Knowledge Discovery in Databases, Spatial Data Mining, Spatio-Temporal Indexing, Bioinformatics.
My current focus of interest is in the following sub-areas:
Cluster analysis is a primary method for database mining, where the goal is to find the "natural" groups in a data set based on a similarity or dissimilarity function for pairs of object. It is often used as a first step when studying a data set, in order to focus further analysis on interesting subgroups. Without any special support, most clustering algorithms, however, have a high computational complexity. The goal of this project is to develop highly scalable but still effective clustering methods, based on data summarization and suitable index structures.
- Spatial Data Mining
The main difference between data mining in relational and in spatial databases (such as geographic information systems) is that attributes of the neighbors of some object of interest may have an influence on the object. The explicit location and extension of spatial objects define implicit relations of spatial neighborhood (such as topological, distance and direction relations). The main objective of this project is to develop effective and efficient data mining techniques that take neighborhood relations in into account when looking for pattern in a spatial database.

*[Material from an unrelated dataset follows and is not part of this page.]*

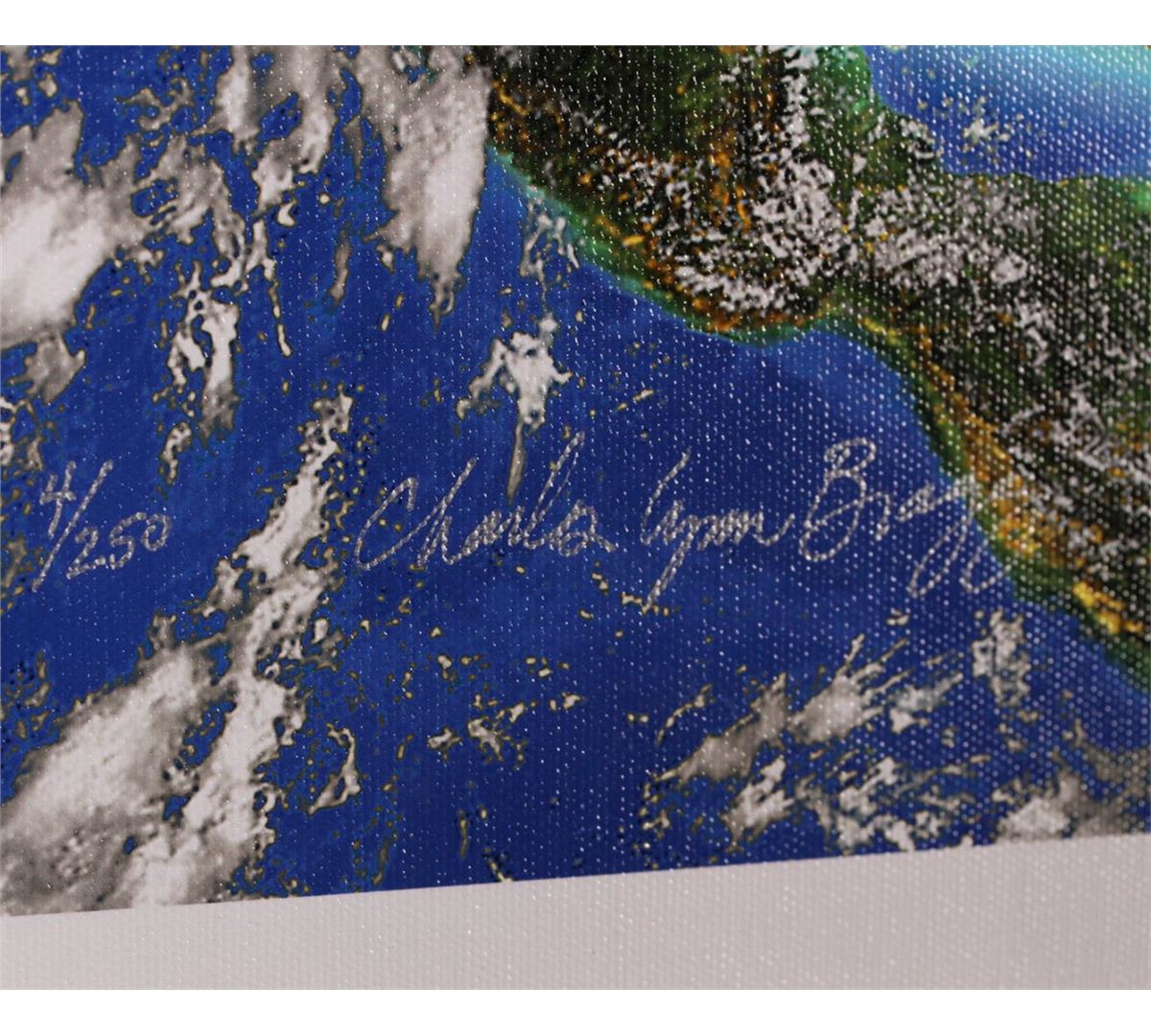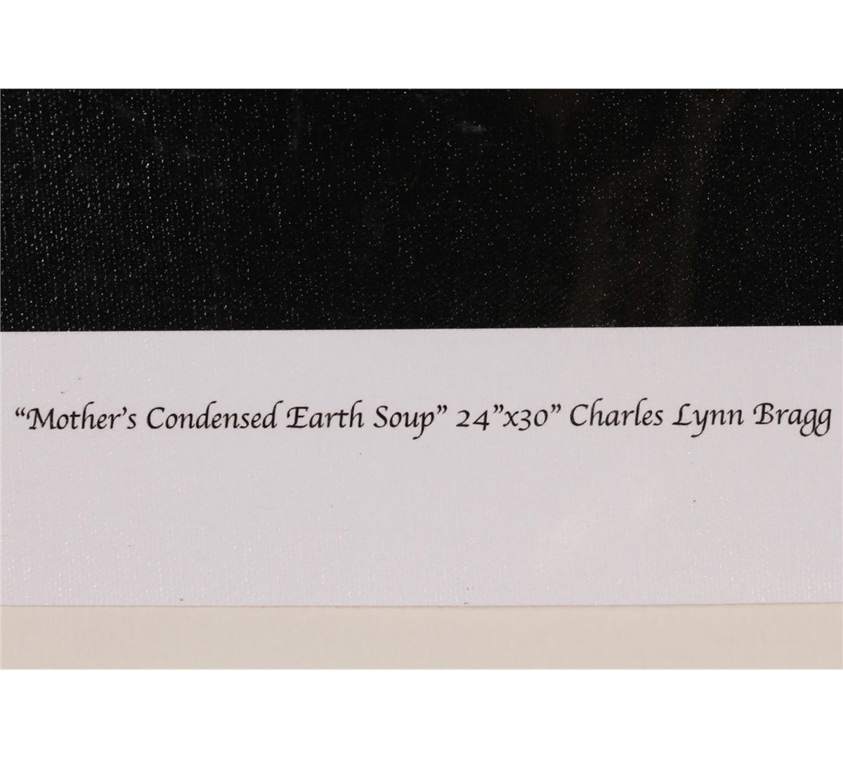 "Mother's Condensed Earth Soup" is Charles Lynn Bragg's re-interpretation of Andy Warhol's iconic Campbell's Soup image This signed and numbered giclee # 6/250 on canvas. It measures 30x24" unframed . Framed it measures 35x29" , with a ship weight approx 18lbs. The Earth Icons series is a journey through Art History, with Bragg utilizing the world's most famous paintings to remind us all that we must all remain aware that our planet is fragile and needs our loving care and our attention to its delicate balance. Ship weight approx 15 lbs. Certificate available upon request. Limited Edition S/N Giclee on Canvas # 4/250.
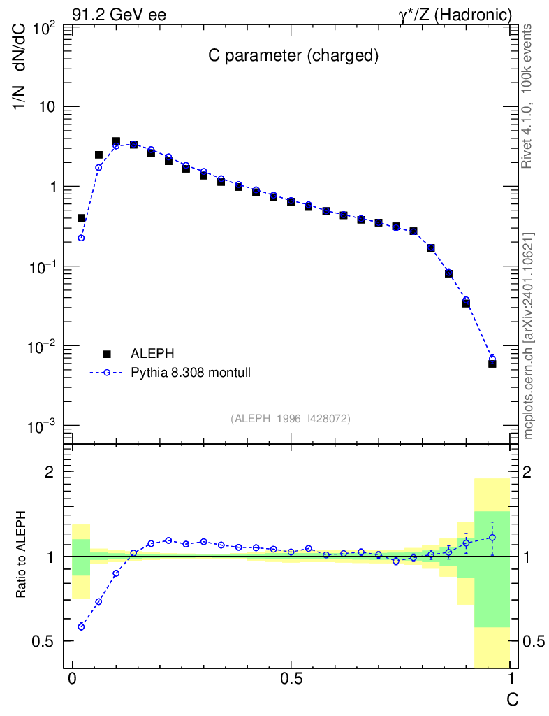 Plot of C in 91.2 GeV ee collisions

- Data Mining in Biological Databases
Biological databases contain heterogeneous information such as annotated genomic sequence information, results of microarray experiments, molecular structures and properties of proteins, etc. In addition, more and more databases from the medical domain, containing medical records and other information on diseases, become available. This situation allows, in principle, to derive new knowledge about complex biological systems by correlating the information in those different databases (e.g., information about diseases and their relation to sub-cellular processes). The objective in this project is to develop a general framework and methods for integrated data mining in biological and bio-medical data sets. This involves the development of suitable representations of heterogeneous and complex biological data, as well as the development of new methods for integrated data mining in these data sets.
- Spatio-Temoral Indexing and Querying
More and more dynamic location data is becoming available, e.g., through GPS systems, sensor networks, mobile networks, etc. These data sets offer great potential for advanced services and analyses, but also pose new challenges with respect to storage and querying capabilities of database systems. The objectives of this project currently include the development of efficient and effective index structures for spatio-temporal data that meet real world requirements such as scalability with respect to database size, short update time, and fast query response time even for complex spatio-temporal queries. We also aim for a tight integration of the developed structures into commercial object-relational database systems.